We collaborated with the Houk group to elucidate the two possible decomposition pathways (i.e., α- vs. β-hydride elimination) of Ru-5-II in the presence of p-benzoquinone (Figure 14). All electronic energies were calculated using M06/SDD/6-311+G(2d,p) on geometries optimized using B3LYP/LANL2DZ/6-31G(d) level of theory. Decomposition begins with the insertion of alkylidene into the ruthenium-carbon bond to form the thermodynamically favored alkyl ruthenium intermediate 38 (ΔG = –2.9 kcal/mol). From this intermediate, either α-hydride elimination product 40 or β-hydride elimination product 42 can form via the transition state structures TS-39 and TS-41, respectively. Computations reveal that free energy barrier leading to the former is 33.3 kcal/mol higher than that leading to the latter, indicating that β-hydride elimination is energetically preferred.
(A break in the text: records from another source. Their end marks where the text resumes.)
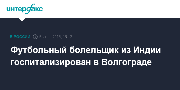 Москва. 6 июля. INTERFAX.RU - Футбольный болельщик из Индии госпитализирован в Волгограде, сообщили агентству "Интерфакс" в региональном комитете здравоохранения в пятницу.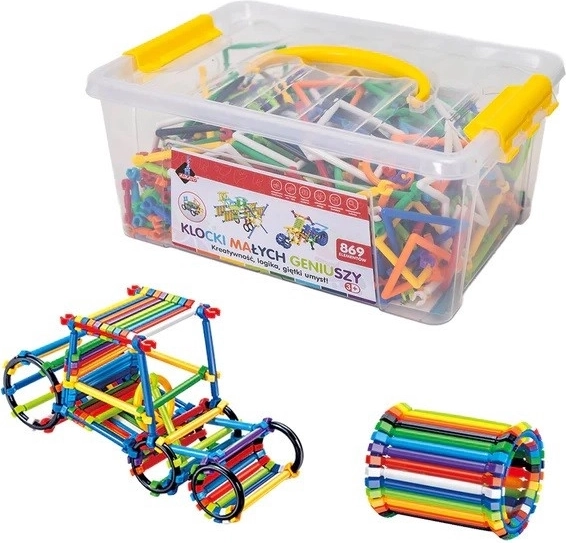 Akár 869 elem 10 színben lehetővé teszi fantasztikus alakzatok létrehozását, mint például kosár, hinta, repülőgép, motor vagy autó.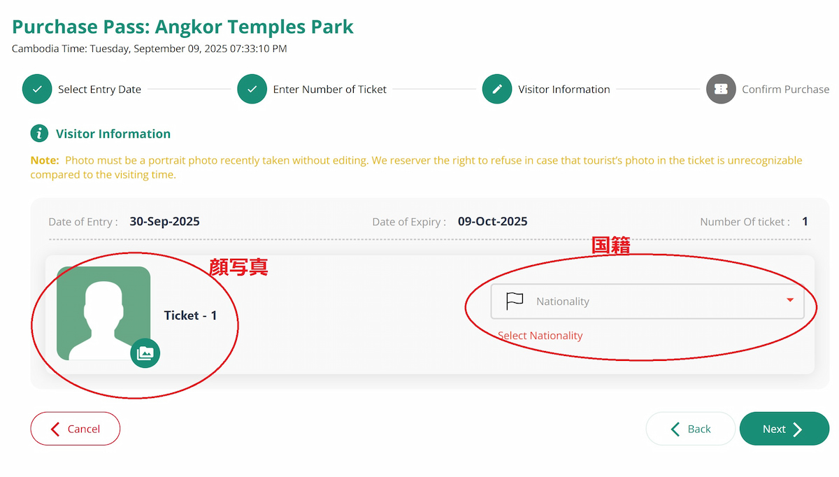 顔写真も必要です。あとは国籍や名前など必要な情報を入力して支払いを済ませます。メールでチケットが届くので印刷もしくはスマホに保存して完了です。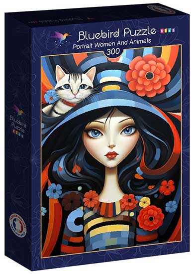 Nainen ja kissa palapeli (Portrait women and animals) on ranskalaisen Bluebirdin 300-palainen. Kuvassa nainen ja kissa ovat asettuneet kuvaan niin, että molemmat katsovat palojen kokoajaan. Kukat, hatun kaareva muoto ja vaatteen kuosi auttavat kokoamisessa. Nainen ja kissa palapeli sopii nuorten lisäksi aikuiselle rentouttavaan hetkeen palapelaamisen parissa.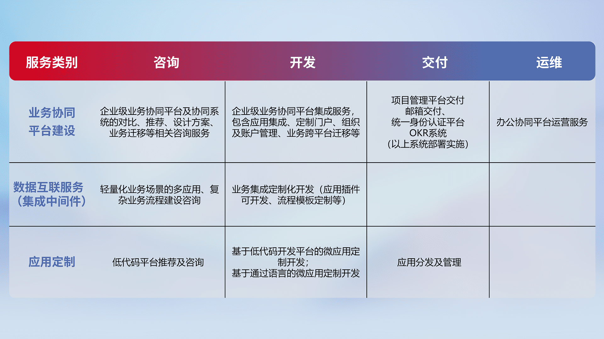 针对钉钉、、企微、、、、IDaas等平台级产品提供产品的规划、、方案、、、交付、、、、定制化开发等服务,,,,实现如统一协同办公、、智能客户服务、、、、混合会议管理、、、、智能数据查询、、、、等业务场景,,实现数字化转型。。

Computations corroborate the experimentally-observed β-hydride elimination product. Following the formation of intermediate 42, reductive elimination of acetate leads to 43. Ligand exchange with p-benzoquinone via associative mechanism and consequent homodimerization leads to the highly exergonic decomposition product 44 (ΔG = –29.8 kcal/mol).

2.9. A Standard System for Catalyst Characterization

In 2006, we proposed a set of six reactions and conditions to establish a standard for comparing olefin metathesis catalysts.⁷⁰ The reaction set included (i) three RCM reactions forming di-, tri-, and tetrasubstituted cyclopentenes, (ii) two CM reactions with coupling partners of variable reactivity, and (iii) a ROMP reaction using cyclooctene (Figure 15). Representative results for catalysts Ru-1-I, Ru-2-I, and Ru-2-II are shown in Table 5. This study established a means for benchmarking catalysts with respect to their activity, stability, and selectivity. The RCM results showed that the NHC-based catalysts are more efficient than the phosphine-based analogues, but also pointed out that no particular catalyst was superior for all reactions. Furthermore, closure of tetrasubstituted olefins was identified as a major challenge and one that was effectively dealt with in subsequent investigations. The CM reactions of allyl benzene and cis-1,4-diacetoxy-2-butene with NHC-based catalysts were rapid and, if given enough time for secondary isomerization, provided ca. 10:1 E/Z product selectivity. CM of electron-deficient methyl acrylate, known to be difficult with Ru-1-I, proceeded well with NHC-based systems Ru-2-I and Ru-2-II (each >80% conversion at 3 hours under the standard conditions). The standard ROMP reaction used 1,5-cyclooctadiene, whose polymerization could be conveniently followed by NMR spectroscopy when using a monomer to catalyst ratio of 1000:1. Here again, the NHC-derived catalysts were dramatically more reactive than the first-generation catalysts. In particular, the rapidly-initiating pyridine-derived Ru-3-II catalyzed a nearly instantaneous polymerization under the standard reaction conditions in less than 30 seconds.

Figure 15.

Set of six metathesis reactions for catalyst characterization.

Table 5.

Comparison of Ru Catalysts with Standard RCM, CM, and ROMP Reactions.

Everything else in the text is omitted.